Given data:
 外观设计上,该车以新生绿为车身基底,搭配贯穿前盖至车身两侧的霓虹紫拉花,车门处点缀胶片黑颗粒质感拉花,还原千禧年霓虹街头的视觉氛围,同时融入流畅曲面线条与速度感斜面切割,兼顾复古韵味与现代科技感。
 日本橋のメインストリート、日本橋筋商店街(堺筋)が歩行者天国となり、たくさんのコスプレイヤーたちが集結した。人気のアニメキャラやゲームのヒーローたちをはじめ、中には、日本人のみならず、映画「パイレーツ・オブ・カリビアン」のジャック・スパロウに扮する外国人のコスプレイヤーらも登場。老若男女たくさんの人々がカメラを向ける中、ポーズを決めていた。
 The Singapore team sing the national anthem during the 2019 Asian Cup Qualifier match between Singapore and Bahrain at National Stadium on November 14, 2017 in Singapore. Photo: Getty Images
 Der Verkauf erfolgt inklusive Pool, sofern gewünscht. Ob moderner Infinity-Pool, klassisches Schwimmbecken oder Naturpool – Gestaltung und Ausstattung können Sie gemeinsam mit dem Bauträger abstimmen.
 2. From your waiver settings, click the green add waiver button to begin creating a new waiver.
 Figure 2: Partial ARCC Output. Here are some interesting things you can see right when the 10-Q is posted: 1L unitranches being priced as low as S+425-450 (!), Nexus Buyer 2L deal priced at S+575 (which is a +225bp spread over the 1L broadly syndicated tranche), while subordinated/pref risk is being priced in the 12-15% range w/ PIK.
==
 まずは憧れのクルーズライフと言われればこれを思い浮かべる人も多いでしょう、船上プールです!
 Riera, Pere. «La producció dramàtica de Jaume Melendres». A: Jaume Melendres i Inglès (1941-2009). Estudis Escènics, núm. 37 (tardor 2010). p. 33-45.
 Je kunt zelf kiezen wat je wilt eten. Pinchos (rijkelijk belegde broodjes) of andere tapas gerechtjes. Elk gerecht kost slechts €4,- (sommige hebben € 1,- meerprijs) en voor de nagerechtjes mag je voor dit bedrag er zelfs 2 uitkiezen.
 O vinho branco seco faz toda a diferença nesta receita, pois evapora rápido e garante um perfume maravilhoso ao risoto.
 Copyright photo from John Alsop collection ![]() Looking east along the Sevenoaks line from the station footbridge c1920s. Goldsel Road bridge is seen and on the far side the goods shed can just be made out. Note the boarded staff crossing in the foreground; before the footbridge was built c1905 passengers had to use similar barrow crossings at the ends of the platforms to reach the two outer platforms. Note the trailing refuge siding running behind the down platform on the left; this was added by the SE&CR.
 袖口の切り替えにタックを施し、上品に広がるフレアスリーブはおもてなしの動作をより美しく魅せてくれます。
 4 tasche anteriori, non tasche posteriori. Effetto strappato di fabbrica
---
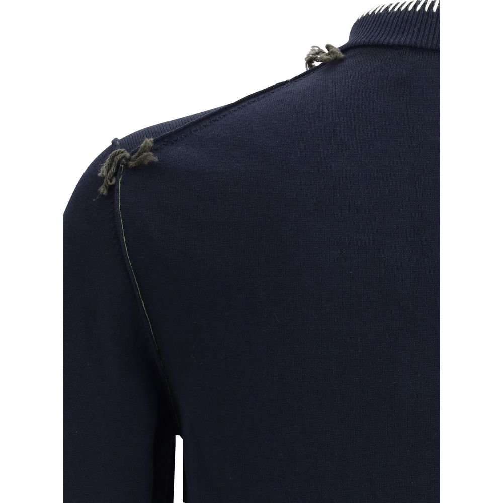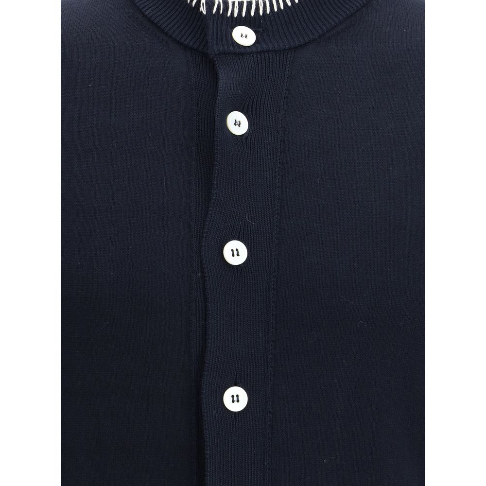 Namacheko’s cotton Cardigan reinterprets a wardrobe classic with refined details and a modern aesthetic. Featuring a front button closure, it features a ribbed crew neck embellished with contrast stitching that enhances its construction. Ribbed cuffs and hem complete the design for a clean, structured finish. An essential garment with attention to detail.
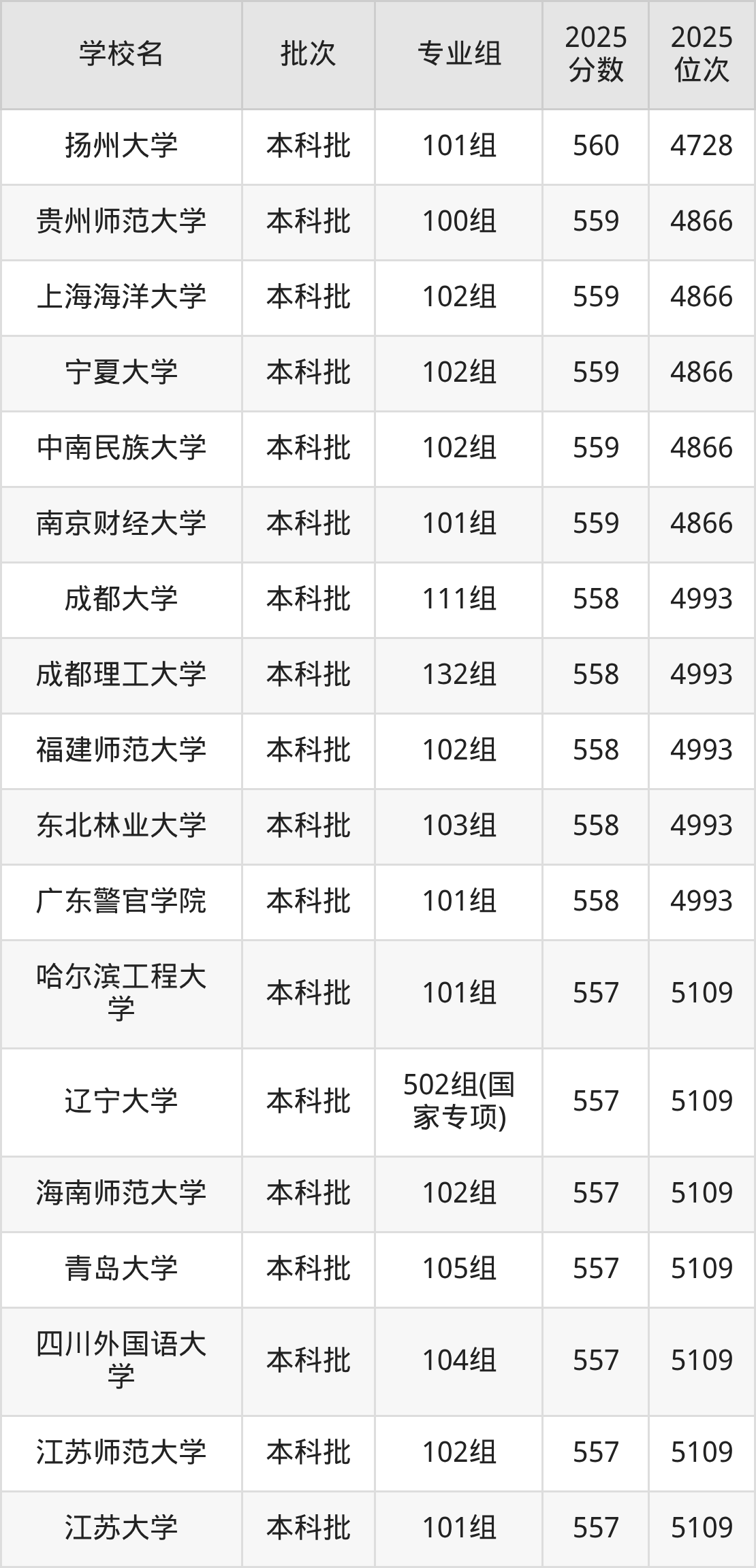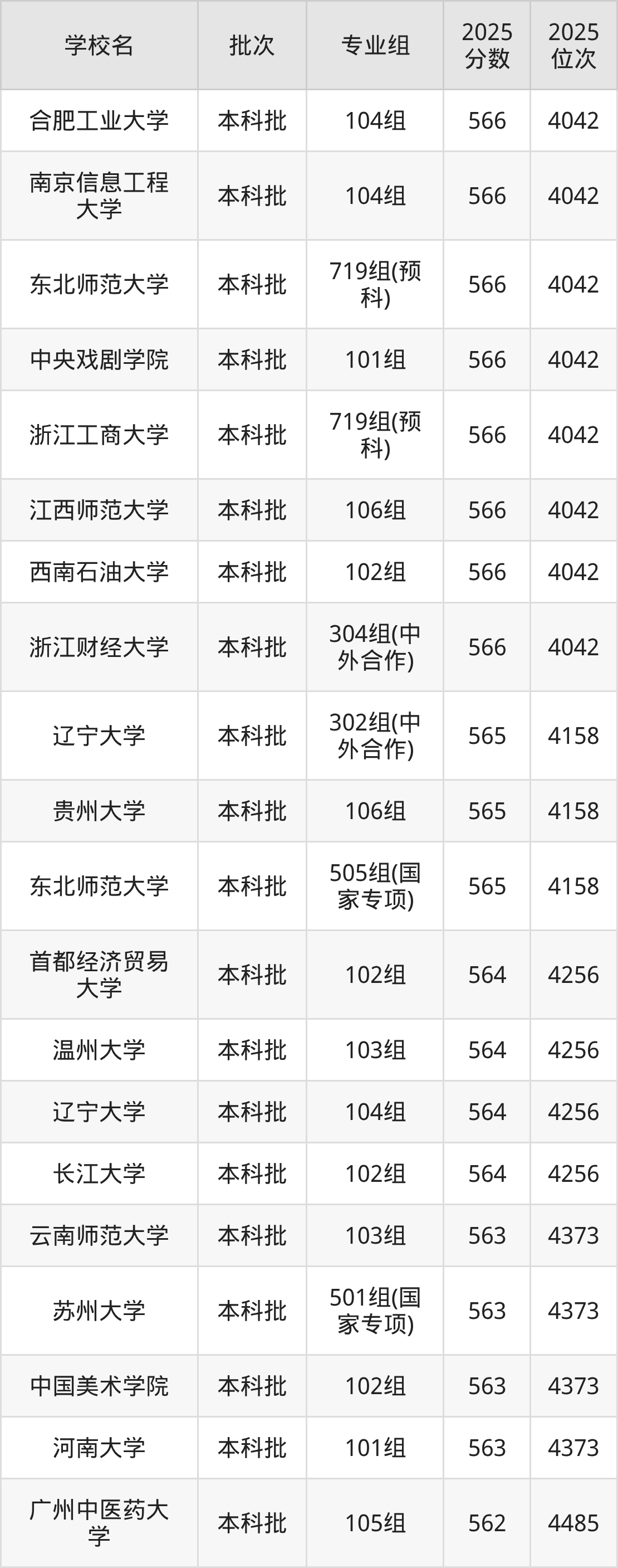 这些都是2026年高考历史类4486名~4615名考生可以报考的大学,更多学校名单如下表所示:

Problem requirements: Write down, word for word, the lines above from the one containing "外观设计上,该车以新生绿为车" through the one containing "The Singapore team", both ends included.

Result of this task:
 外观设计上,该车以新生绿为车身基底,搭配贯穿前盖至车身两侧的霓虹紫拉花,车门处点缀胶片黑颗粒质感拉花,还原千禧年霓虹街头的视觉氛围,同时融入流畅曲面线条与速度感斜面切割,兼顾复古韵味与现代科技感。
 日本橋のメインストリート、日本橋筋商店街(堺筋)が歩行者天国となり、たくさんのコスプレイヤーたちが集結した。人気のアニメキャラやゲームのヒーローたちをはじめ、中には、日本人のみならず、映画「パイレーツ・オブ・カリビアン」のジャック・スパロウに扮する外国人のコスプレイヤーらも登場。老若男女たくさんの人々がカメラを向ける中、ポーズを決めていた。
 The Singapore team sing the national anthem during the 2019 Asian Cup Qualifier match between Singapore and Bahrain at National Stadium on November 14, 2017 in Singapore. Photo: Getty Images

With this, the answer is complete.